▸ **What this task involves**: Nothing but the lines below from the first through the one with "- 【GOOD CHOICE" should appear, printed exactly; please leave pictures out.
'''
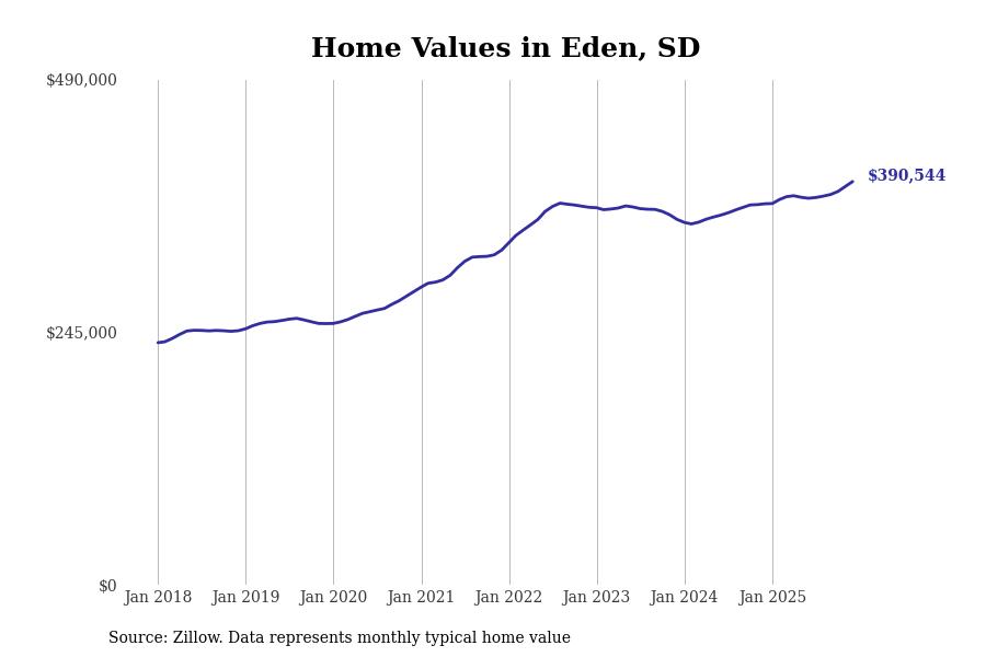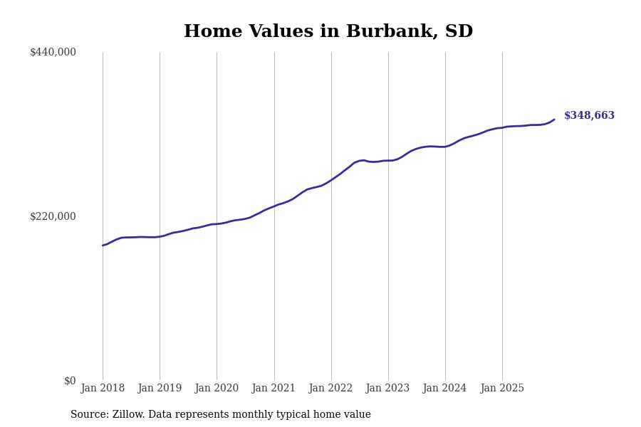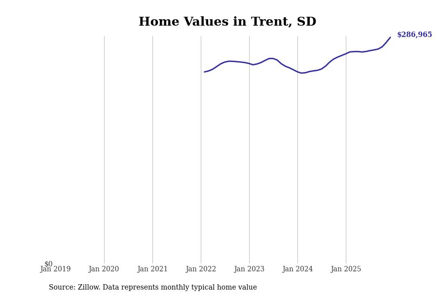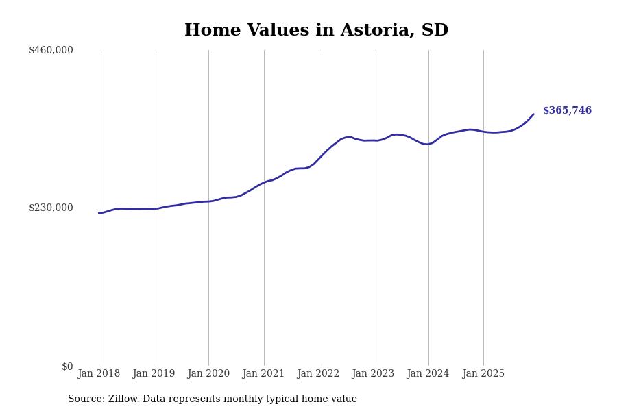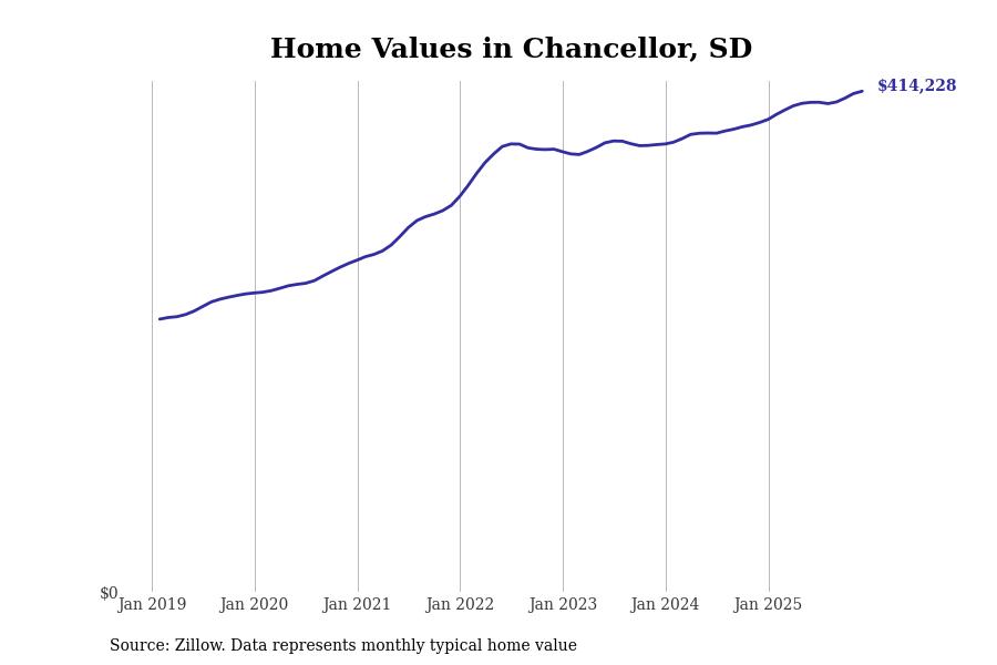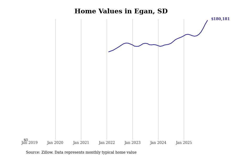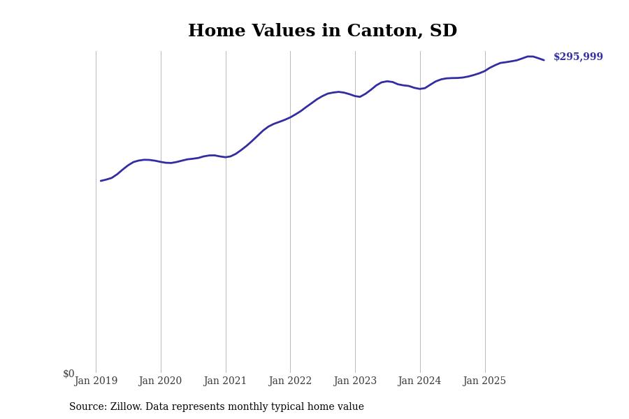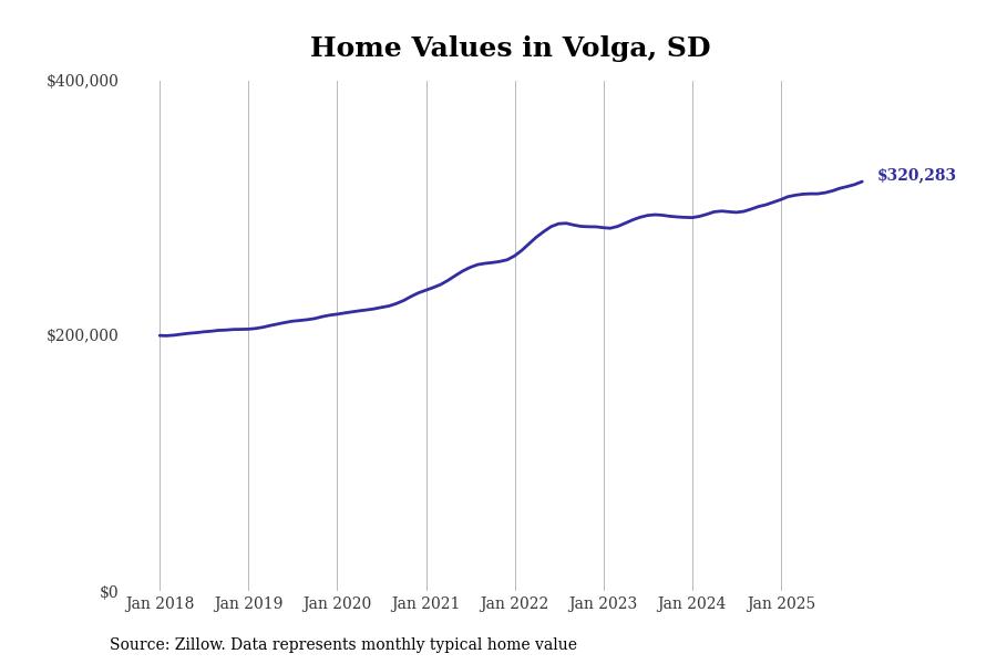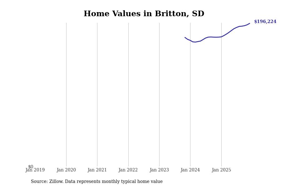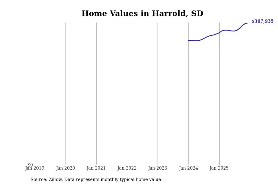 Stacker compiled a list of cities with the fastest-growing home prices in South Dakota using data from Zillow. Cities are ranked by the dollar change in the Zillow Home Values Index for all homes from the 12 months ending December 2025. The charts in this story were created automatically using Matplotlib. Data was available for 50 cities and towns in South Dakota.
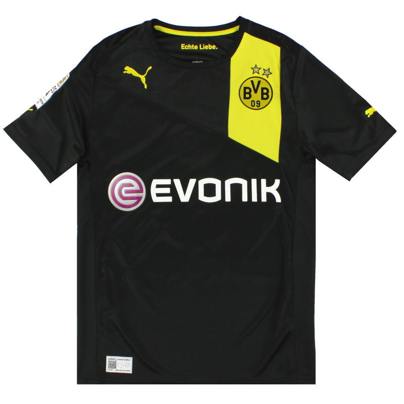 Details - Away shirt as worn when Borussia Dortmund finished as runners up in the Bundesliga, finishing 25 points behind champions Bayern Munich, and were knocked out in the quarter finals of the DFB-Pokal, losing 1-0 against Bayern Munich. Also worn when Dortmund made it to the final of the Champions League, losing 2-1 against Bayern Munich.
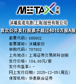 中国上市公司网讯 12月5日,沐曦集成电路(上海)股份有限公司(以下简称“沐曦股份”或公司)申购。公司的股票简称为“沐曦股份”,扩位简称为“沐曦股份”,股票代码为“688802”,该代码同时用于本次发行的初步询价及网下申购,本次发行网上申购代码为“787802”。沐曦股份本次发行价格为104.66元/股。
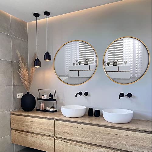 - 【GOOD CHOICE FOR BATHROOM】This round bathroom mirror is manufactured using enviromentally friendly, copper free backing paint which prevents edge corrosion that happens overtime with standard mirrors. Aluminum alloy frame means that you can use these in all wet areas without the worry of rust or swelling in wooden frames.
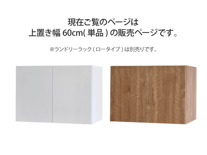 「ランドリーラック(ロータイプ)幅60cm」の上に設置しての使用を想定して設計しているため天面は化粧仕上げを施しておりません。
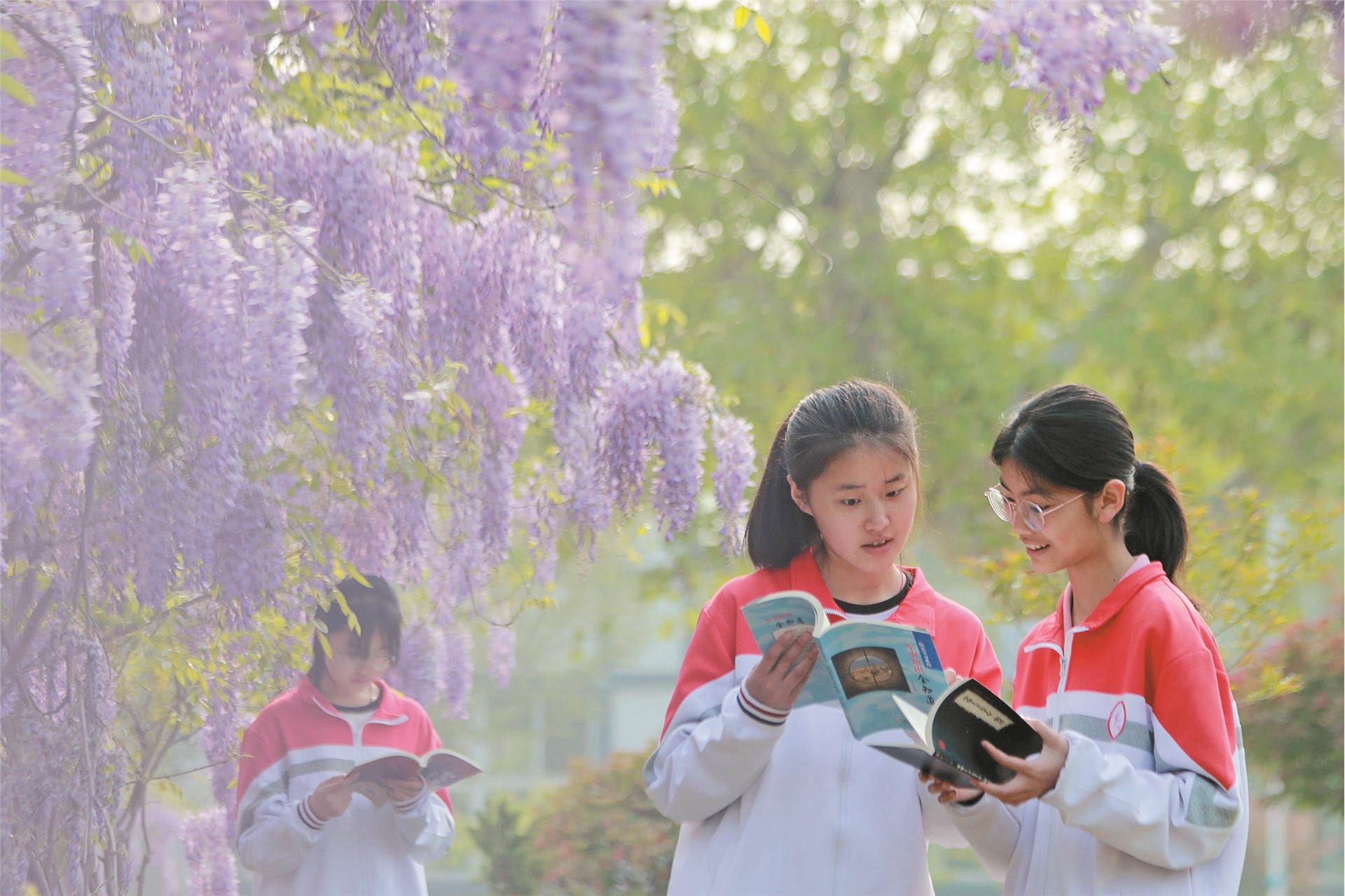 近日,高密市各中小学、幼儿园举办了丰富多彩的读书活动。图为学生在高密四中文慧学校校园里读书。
'''
▸ **Task result**:
 Stacker compiled a list of cities with the fastest-growing home prices in South Dakota using data from Zillow. Cities are ranked by the dollar change in the Zillow Home Values Index for all homes from the 12 months ending December 2025. The charts in this story were created automatically using Matplotlib. Data was available for 50 cities and towns in South Dakota.
 Details - Away shirt as worn when Borussia Dortmund finished as runners up in the Bundesliga, finishing 25 points behind champions Bayern Munich, and were knocked out in the quarter finals of the DFB-Pokal, losing 1-0 against Bayern Munich. Also worn when Dortmund made it to the final of the Champions League, losing 2-1 against Bayern Munich.
 中国上市公司网讯 12月5日,沐曦集成电路(上海)股份有限公司(以下简称“沐曦股份”或公司)申购。公司的股票简称为“沐曦股份”,扩位简称为“沐曦股份”,股票代码为“688802”,该代码同时用于本次发行的初步询价及网下申购,本次发行网上申购代码为“787802”。沐曦股份本次发行价格为104.66元/股。
 - 【GOOD CHOICE FOR BATHROOM】This round bathroom mirror is manufactured using enviromentally friendly, copper free backing paint which prevents edge corrosion that happens overtime with standard mirrors. Aluminum alloy frame means that you can use these in all wet areas without the worry of rust or swelling in wooden frames.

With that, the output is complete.